» **Instructions to follow**: When you transcribe the lines below, keep every word the same and leave the pictures behind.
:: Data for analysis
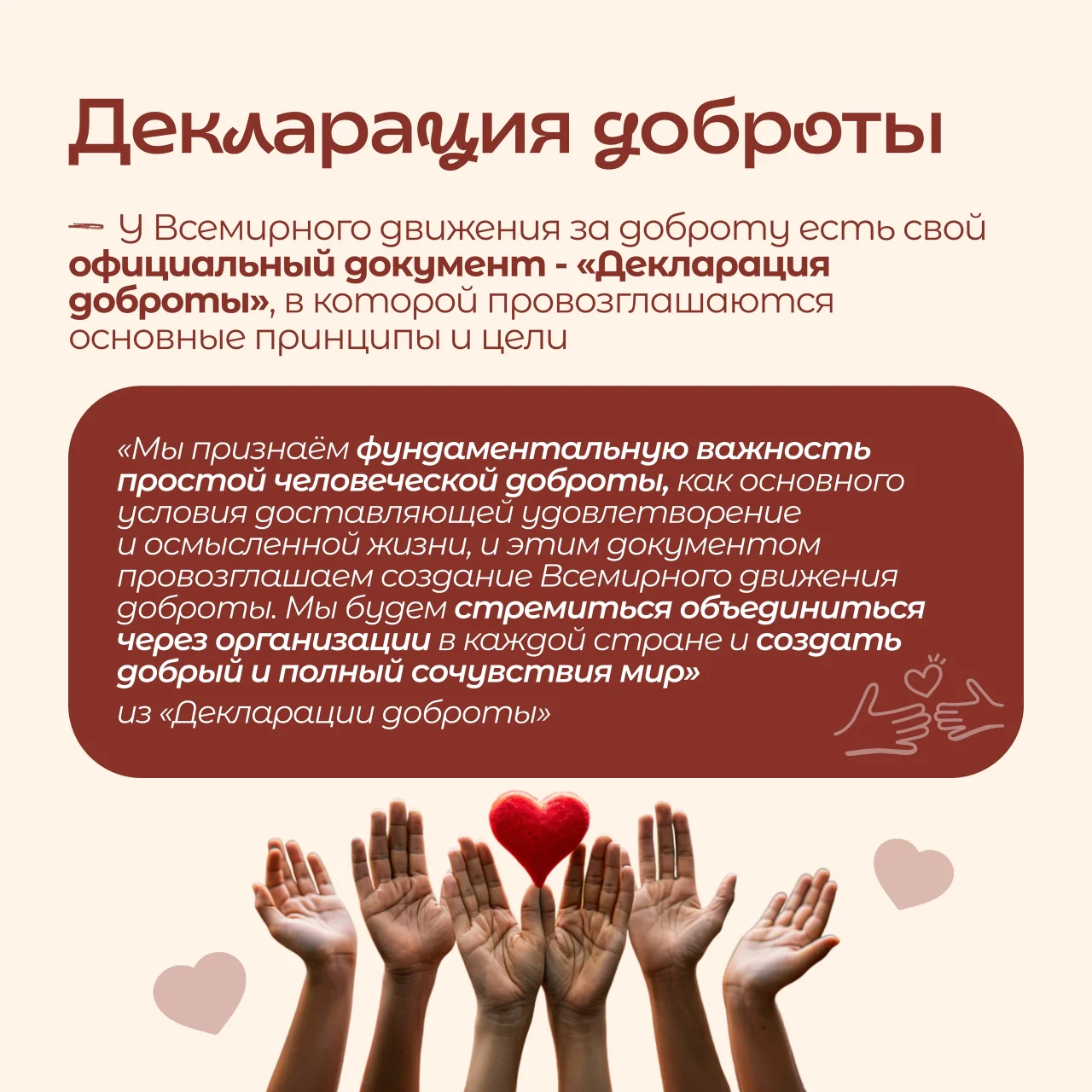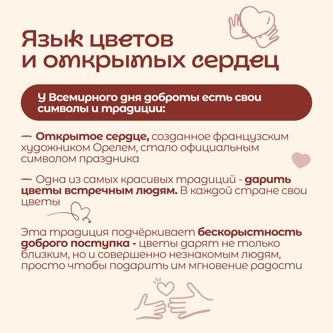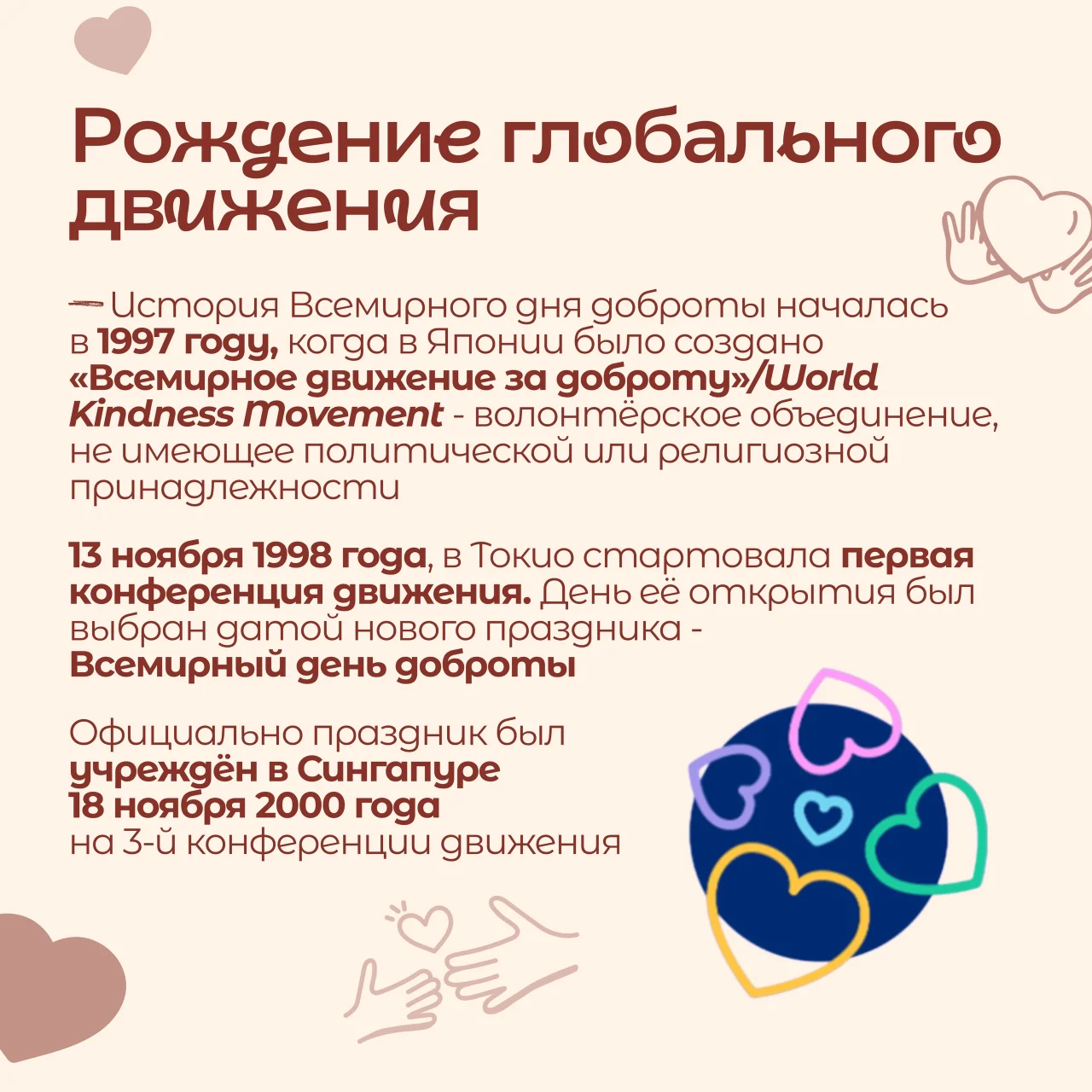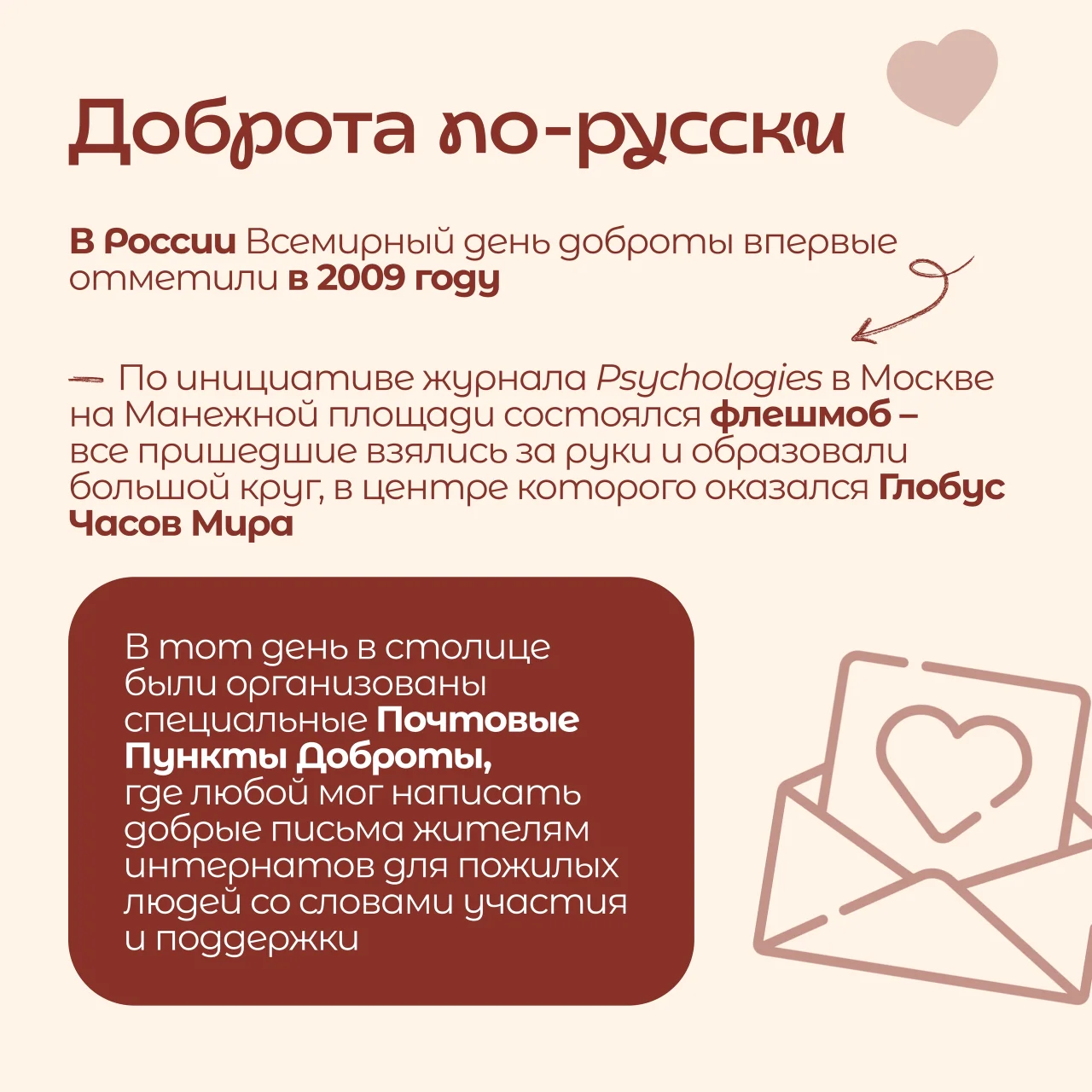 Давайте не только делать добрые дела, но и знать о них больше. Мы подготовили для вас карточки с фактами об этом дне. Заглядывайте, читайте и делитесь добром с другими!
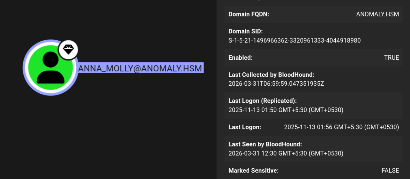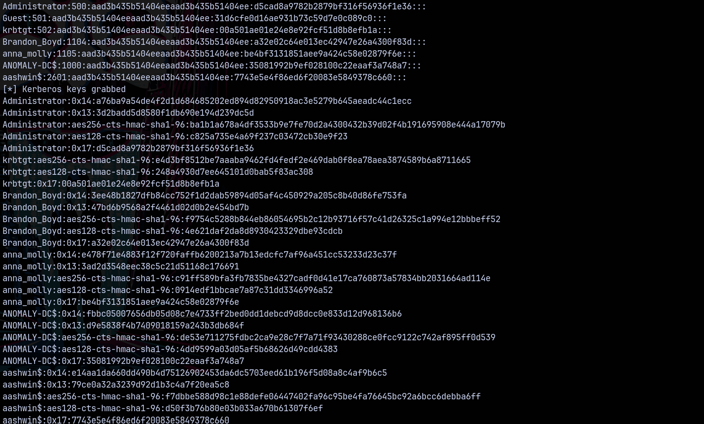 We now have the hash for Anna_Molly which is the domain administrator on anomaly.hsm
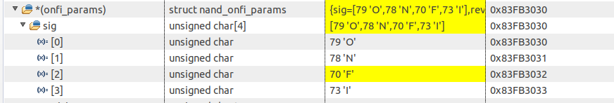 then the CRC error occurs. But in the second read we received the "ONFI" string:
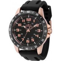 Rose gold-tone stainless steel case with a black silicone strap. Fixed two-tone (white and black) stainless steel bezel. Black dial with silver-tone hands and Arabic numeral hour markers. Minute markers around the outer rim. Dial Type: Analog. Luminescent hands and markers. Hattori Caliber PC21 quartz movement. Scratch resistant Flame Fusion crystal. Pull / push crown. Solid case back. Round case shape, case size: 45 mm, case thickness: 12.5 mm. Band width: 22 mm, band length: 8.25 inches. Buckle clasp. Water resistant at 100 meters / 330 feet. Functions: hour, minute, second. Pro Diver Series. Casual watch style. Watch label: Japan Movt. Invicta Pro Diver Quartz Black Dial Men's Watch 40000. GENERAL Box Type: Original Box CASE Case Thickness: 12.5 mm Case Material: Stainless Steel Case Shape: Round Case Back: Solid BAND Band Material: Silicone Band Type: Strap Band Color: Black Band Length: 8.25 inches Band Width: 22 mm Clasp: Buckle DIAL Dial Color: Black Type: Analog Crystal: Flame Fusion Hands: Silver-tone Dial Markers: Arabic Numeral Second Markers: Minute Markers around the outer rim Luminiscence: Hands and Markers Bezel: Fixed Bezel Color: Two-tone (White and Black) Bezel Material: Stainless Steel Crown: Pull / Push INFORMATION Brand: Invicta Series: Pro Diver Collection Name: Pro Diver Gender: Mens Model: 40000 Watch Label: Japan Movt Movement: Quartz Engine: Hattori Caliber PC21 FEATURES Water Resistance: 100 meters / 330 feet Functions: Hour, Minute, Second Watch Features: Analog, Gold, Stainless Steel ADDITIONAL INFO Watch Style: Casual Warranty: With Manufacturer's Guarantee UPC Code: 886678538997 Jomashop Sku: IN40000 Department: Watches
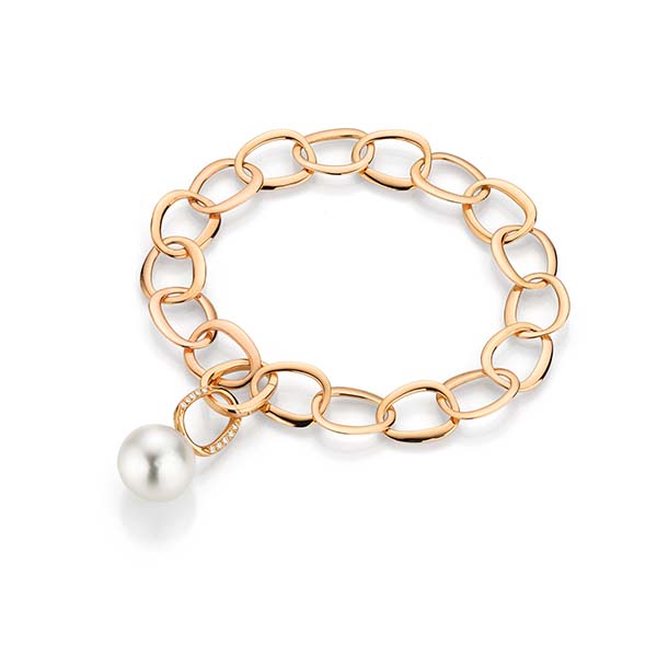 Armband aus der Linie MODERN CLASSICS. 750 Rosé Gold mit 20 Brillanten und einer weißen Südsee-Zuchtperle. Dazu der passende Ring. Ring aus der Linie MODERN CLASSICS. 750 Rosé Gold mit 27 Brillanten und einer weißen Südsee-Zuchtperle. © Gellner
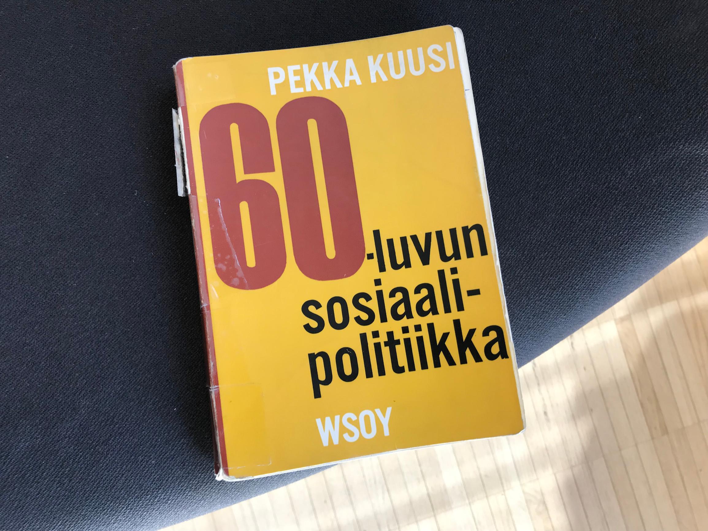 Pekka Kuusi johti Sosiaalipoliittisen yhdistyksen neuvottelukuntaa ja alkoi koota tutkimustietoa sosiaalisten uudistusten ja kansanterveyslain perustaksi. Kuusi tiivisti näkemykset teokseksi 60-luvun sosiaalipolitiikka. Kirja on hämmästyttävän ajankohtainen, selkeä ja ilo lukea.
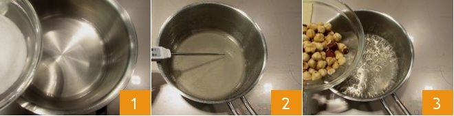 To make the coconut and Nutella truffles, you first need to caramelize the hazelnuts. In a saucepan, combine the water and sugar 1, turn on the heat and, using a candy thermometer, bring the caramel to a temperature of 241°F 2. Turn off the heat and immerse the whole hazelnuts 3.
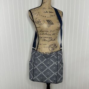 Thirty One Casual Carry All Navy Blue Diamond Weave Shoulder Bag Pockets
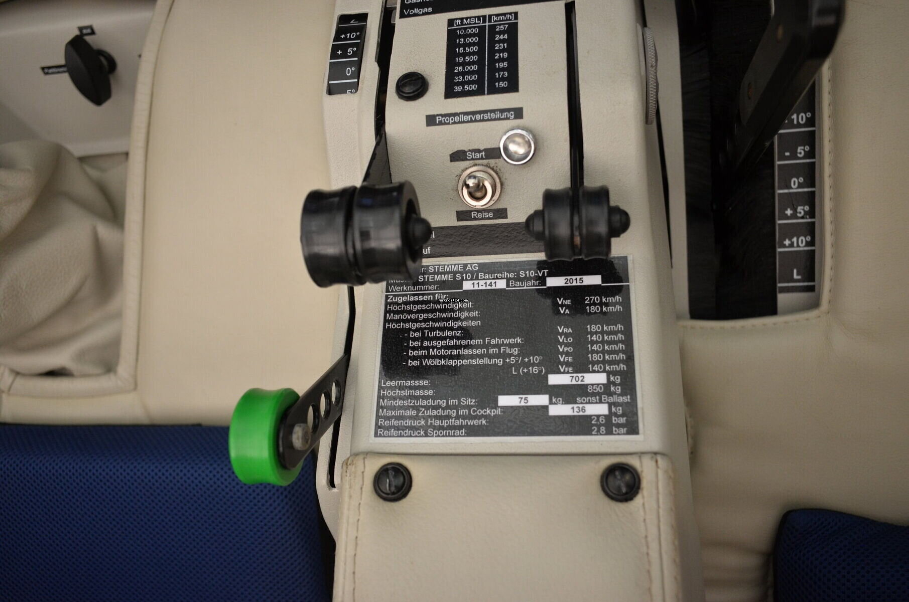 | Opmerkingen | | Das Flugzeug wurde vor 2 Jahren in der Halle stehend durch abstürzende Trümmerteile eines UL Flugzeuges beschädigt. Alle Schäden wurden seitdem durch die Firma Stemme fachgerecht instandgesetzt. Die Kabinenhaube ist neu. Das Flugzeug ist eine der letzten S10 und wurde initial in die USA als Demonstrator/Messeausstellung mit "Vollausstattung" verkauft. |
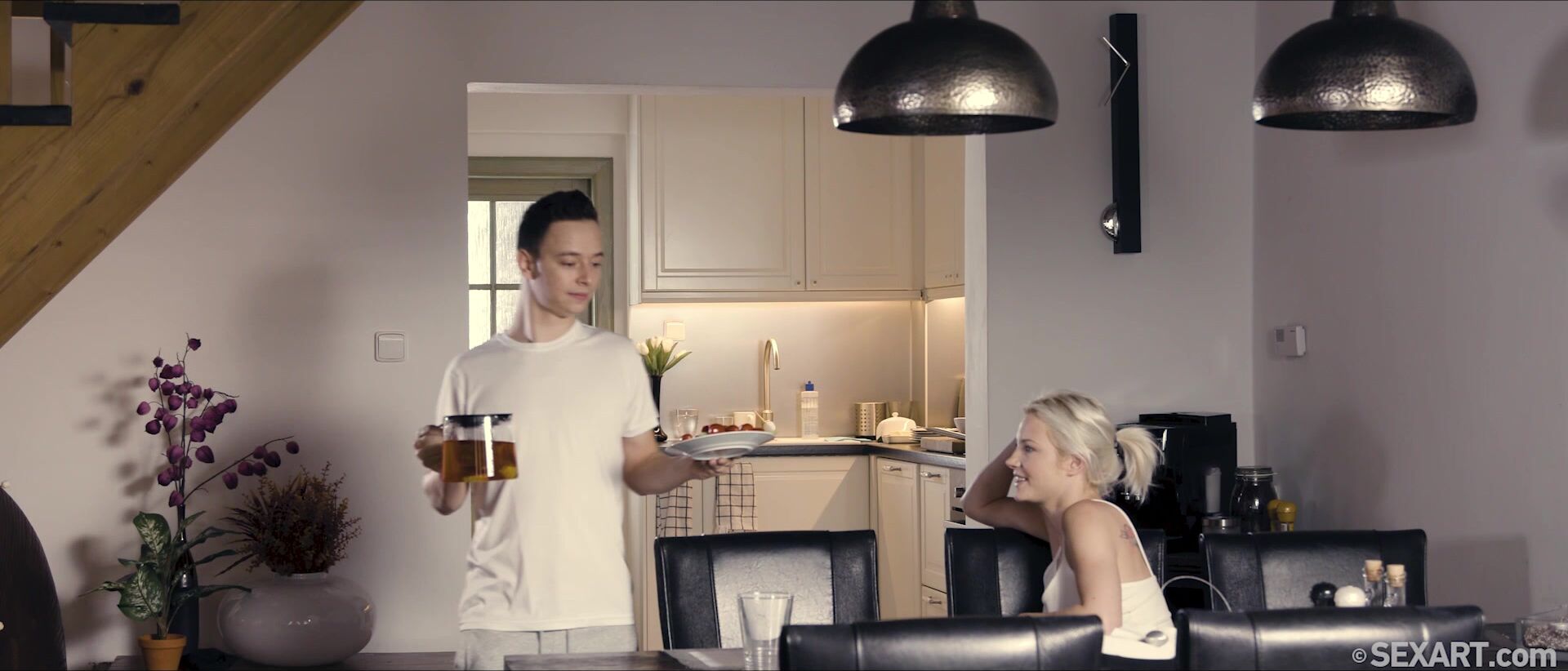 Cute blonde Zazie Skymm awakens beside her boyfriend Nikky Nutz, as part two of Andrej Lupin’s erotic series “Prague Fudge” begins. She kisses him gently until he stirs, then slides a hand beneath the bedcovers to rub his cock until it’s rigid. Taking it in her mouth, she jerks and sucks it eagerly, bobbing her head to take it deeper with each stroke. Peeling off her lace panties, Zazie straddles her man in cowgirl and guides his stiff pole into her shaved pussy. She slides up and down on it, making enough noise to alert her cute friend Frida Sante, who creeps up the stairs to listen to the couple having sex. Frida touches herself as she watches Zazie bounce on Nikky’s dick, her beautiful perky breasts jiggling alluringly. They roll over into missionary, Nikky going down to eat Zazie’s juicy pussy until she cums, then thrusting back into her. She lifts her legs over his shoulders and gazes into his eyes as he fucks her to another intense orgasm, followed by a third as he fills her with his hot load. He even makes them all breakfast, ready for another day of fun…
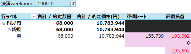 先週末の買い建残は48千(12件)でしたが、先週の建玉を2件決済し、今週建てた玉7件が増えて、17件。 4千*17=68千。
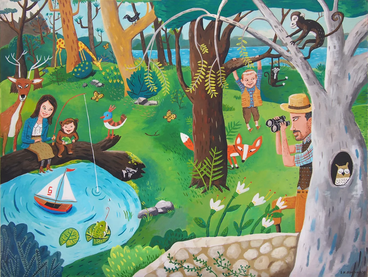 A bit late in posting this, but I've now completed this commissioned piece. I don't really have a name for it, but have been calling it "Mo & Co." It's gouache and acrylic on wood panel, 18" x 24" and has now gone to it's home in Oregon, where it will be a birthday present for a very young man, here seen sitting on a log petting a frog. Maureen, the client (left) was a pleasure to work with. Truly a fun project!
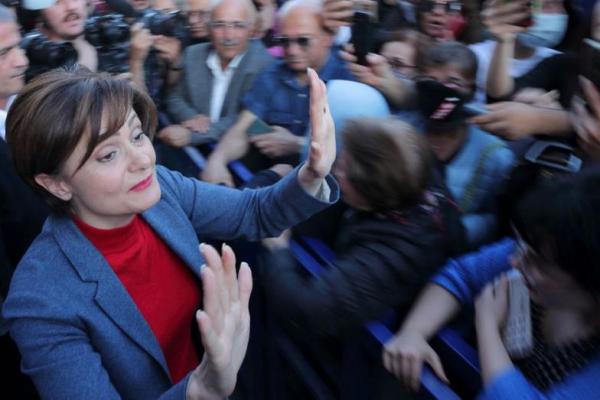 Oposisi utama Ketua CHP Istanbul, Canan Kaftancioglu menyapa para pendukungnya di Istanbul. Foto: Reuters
::::
» **Answer to the problem**:
 Давайте не только делать добрые дела, но и знать о них больше. Мы подготовили для вас карточки с фактами об этом дне. Заглядывайте, читайте и делитесь добром с другими!
 We now have the hash for Anna_Molly which is the domain administrator on anomaly.hsm
 then the CRC error occurs. But in the second read we received the "ONFI" string:
 Rose gold-tone stainless steel case with a black silicone strap. Fixed two-tone (white and black) stainless steel bezel. Black dial with silver-tone hands and Arabic numeral hour markers. Minute markers around the outer rim. Dial Type: Analog. Luminescent hands and markers. Hattori Caliber PC21 quartz movement. Scratch resistant Flame Fusion crystal. Pull / push crown. Solid case back. Round case shape, case size: 45 mm, case thickness: 12.5 mm. Band width: 22 mm, band length: 8.25 inches. Buckle clasp. Water resistant at 100 meters / 330 feet. Functions: hour, minute, second. Pro Diver Series. Casual watch style. Watch label: Japan Movt. Invicta Pro Diver Quartz Black Dial Men's Watch 40000. GENERAL Box Type: Original Box CASE Case Thickness: 12.5 mm Case Material: Stainless Steel Case Shape: Round Case Back: Solid BAND Band Material: Silicone Band Type: Strap Band Color: Black Band Length: 8.25 inches Band Width: 22 mm Clasp: Buckle DIAL Dial Color: Black Type: Analog Crystal: Flame Fusion Hands: Silver-tone Dial Markers: Arabic Numeral Second Markers: Minute Markers around the outer rim Luminiscence: Hands and Markers Bezel: Fixed Bezel Color: Two-tone (White and Black) Bezel Material: Stainless Steel Crown: Pull / Push INFORMATION Brand: Invicta Series: Pro Diver Collection Name: Pro Diver Gender: Mens Model: 40000 Watch Label: Japan Movt Movement: Quartz Engine: Hattori Caliber PC21 FEATURES Water Resistance: 100 meters / 330 feet Functions: Hour, Minute, Second Watch Features: Analog, Gold, Stainless Steel ADDITIONAL INFO Watch Style: Casual Warranty: With Manufacturer's Guarantee UPC Code: 886678538997 Jomashop Sku: IN40000 Department: Watches
 Armband aus der Linie MODERN CLASSICS. 750 Rosé Gold mit 20 Brillanten und einer weißen Südsee-Zuchtperle. Dazu der passende Ring. Ring aus der Linie MODERN CLASSICS. 750 Rosé Gold mit 27 Brillanten und einer weißen Südsee-Zuchtperle. © Gellner
 Pekka Kuusi johti Sosiaalipoliittisen yhdistyksen neuvottelukuntaa ja alkoi koota tutkimustietoa sosiaalisten uudistusten ja kansanterveyslain perustaksi. Kuusi tiivisti näkemykset teokseksi 60-luvun sosiaalipolitiikka. Kirja on hämmästyttävän ajankohtainen, selkeä ja ilo lukea.
 To make the coconut and Nutella truffles, you first need to caramelize the hazelnuts. In a saucepan, combine the water and sugar 1, turn on the heat and, using a candy thermometer, bring the caramel to a temperature of 241°F 2. Turn off the heat and immerse the whole hazelnuts 3.
 Thirty One Casual Carry All Navy Blue Diamond Weave Shoulder Bag Pockets
 | Opmerkingen | | Das Flugzeug wurde vor 2 Jahren in der Halle stehend durch abstürzende Trümmerteile eines UL Flugzeuges beschädigt. Alle Schäden wurden seitdem durch die Firma Stemme fachgerecht instandgesetzt. Die Kabinenhaube ist neu. Das Flugzeug ist eine der letzten S10 und wurde initial in die USA als Demonstrator/Messeausstellung mit "Vollausstattung" verkauft. |
 Cute blonde Zazie Skymm awakens beside her boyfriend Nikky Nutz, as part two of Andrej Lupin’s erotic series “Prague Fudge” begins. She kisses him gently until he stirs, then slides a hand beneath the bedcovers to rub his cock until it’s rigid. Taking it in her mouth, she jerks and sucks it eagerly, bobbing her head to take it deeper with each stroke. Peeling off her lace panties, Zazie straddles her man in cowgirl and guides his stiff pole into her shaved pussy. She slides up and down on it, making enough noise to alert her cute friend Frida Sante, who creeps up the stairs to listen to the couple having sex. Frida touches herself as she watches Zazie bounce on Nikky’s dick, her beautiful perky breasts jiggling alluringly. They roll over into missionary, Nikky going down to eat Zazie’s juicy pussy until she cums, then thrusting back into her. She lifts her legs over his shoulders and gazes into his eyes as he fucks her to another intense orgasm, followed by a third as he fills her with his hot load. He even makes them all breakfast, ready for another day of fun…
 先週末の買い建残は48千(12件)でしたが、先週の建玉を2件決済し、今週建てた玉7件が増えて、17件。 4千*17=68千。
 A bit late in posting this, but I've now completed this commissioned piece. I don't really have a name for it, but have been calling it "Mo & Co." It's gouache and acrylic on wood panel, 18" x 24" and has now gone to it's home in Oregon, where it will be a birthday present for a very young man, here seen sitting on a log petting a frog. Maureen, the client (left) was a pleasure to work with. Truly a fun project!
 Oposisi utama Ketua CHP Istanbul, Canan Kaftancioglu menyapa para pendukungnya di Istanbul. Foto: Reuters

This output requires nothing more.